In any case, the secret police got on the trail of the resisters. However, they needed a pretext so their clampdown on them could be genuinely severe. Therefore commander Ludvík Hlavačka decided to hide weapons at the Oravecs’ cottage and then “discover” them, pretending to have foiled a resistance operation. For certainty, they brought a whole arsenal to the cottage: seven military rifles, five automatics, a pistol, 300 rounds of ammunition, a machine gun belt with ammunition and 500 machine gun rounds.
It was of course a textbook example of provocation intended to justify arrests. They took place during December 1948. Following the arrest of Oravec by the border in Aš, Josef Plánka was picked up at his secondary school on 21 December. More arrests were made on 27 December: Rudolf Slavík, Petr Haferník, Fr.
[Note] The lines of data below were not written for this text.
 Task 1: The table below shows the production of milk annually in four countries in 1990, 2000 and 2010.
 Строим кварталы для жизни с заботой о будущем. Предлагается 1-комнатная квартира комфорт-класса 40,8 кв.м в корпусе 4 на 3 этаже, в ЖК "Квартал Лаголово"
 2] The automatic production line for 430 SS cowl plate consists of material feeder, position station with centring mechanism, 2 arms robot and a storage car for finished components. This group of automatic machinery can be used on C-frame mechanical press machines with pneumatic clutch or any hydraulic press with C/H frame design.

Stanislav Straňák. And the first arrested in Vsetín that day was Bohumil Zhof. Fortunately his brother Oldřich managed to escape in time and later reached Australia.
Things were a lot worse for Zhof. His detention was followed by a week of interrogations at Vsetín chateau. “I couldn’t talk or even walk. It was terrible… Then I saw they’d brought in Oravec and Plánka.”
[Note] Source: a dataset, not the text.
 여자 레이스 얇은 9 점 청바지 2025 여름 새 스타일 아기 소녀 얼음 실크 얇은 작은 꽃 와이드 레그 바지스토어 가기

Zhof had already undergone torture involving an electrical current in special boots that the investigators had brought to Vsetín from Hradiště. “They put these boots on your feet when you were in your socks or bare feet. I don’t know exactly. They shoved them on me and when they turned on the current it felt like my feet would be ripped off. This was the first day and they didn’t even know what some of our names were. But they showed what they had on us. If you haven’t undergone it, you can’t comprehend it. The electric current was the worst. They had a transformer and turned the voltage up or down. They just said, Turn it up so he remembers. It lifted you up, twisted you, and then you fell to the ground. The room was full. There were people lying on the ground,” says Zhof. He adds that everything took place haphazardly. The investigators walked among them and the prisoners’ eyes weren’t covered, as was the custom during interrogations in those days. “Grebeníček walked and spoke the most.” Zhof didn’t know him then but later when he was brought to the Uherské Hradiště prison fellow inmates spoke about him. He saw him in the corridor. He also saw much more. Once they brought out a prisoner. He was dead. “His name was Pohůnek – they carried him out when we were bringing food around. The corridor guards said he was a goner, that he’d hanged himself. Others said they’d beaten him to death. I don’t know…”
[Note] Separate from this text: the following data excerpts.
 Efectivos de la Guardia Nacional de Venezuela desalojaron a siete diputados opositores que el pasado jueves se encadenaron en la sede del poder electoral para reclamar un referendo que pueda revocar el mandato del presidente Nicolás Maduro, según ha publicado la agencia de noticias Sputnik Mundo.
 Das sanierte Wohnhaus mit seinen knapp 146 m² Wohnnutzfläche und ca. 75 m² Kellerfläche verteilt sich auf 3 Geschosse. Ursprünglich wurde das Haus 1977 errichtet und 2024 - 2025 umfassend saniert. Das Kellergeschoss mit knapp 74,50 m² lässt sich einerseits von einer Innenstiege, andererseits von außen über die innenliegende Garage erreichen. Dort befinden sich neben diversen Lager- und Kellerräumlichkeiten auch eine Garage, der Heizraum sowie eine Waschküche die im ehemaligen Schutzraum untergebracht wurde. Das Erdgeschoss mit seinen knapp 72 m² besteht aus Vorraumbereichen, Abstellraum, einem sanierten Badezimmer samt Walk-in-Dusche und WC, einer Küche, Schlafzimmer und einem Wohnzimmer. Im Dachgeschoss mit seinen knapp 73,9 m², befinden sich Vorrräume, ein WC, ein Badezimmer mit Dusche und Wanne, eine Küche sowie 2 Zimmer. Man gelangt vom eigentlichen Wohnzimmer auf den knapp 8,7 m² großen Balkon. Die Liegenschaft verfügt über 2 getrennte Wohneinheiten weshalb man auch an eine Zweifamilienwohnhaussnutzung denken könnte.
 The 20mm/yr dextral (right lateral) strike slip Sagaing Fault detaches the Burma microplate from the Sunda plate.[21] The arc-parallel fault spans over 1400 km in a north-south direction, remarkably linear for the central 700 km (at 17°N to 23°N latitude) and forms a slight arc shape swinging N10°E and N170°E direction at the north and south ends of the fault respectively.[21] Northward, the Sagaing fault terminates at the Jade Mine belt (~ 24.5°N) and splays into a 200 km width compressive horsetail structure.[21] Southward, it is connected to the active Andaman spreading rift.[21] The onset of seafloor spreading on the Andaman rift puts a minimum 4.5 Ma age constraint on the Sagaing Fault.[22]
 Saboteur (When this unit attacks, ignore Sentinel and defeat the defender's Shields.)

Zhof was in Vsetín for a week and then in Uherské Hradiště for four months. He had to be on his guard at all times. Mainly, he says, so that others wouldn’t get in trouble. He was released in 1951 and sent to the Auxiliary Technical Battalions. He had to do three years of work brigade so went down the mines. When he returned to Wallachia he got work in a shop but was immediately sacked. Even after the fall of communism he didn’t get to see justice meted out to those who had cruelly tortured him. “It wasn’t even a trial. The judge was a Communist and they had ties. One investigator, Zavadilík, excused himself. Hlavačka excused himself on health grounds but at the same time I saw him in Prague. He lived at Letná and went for walks with his wife! So I saw it wasn’t worth it.”
Zhof married Marie Štrbíková, who was two years his junior and had also been a political prisoner. Her father too had been a political prisoner and died in a prison hospital, having being convicted for aiding members of the resistance group Světlana.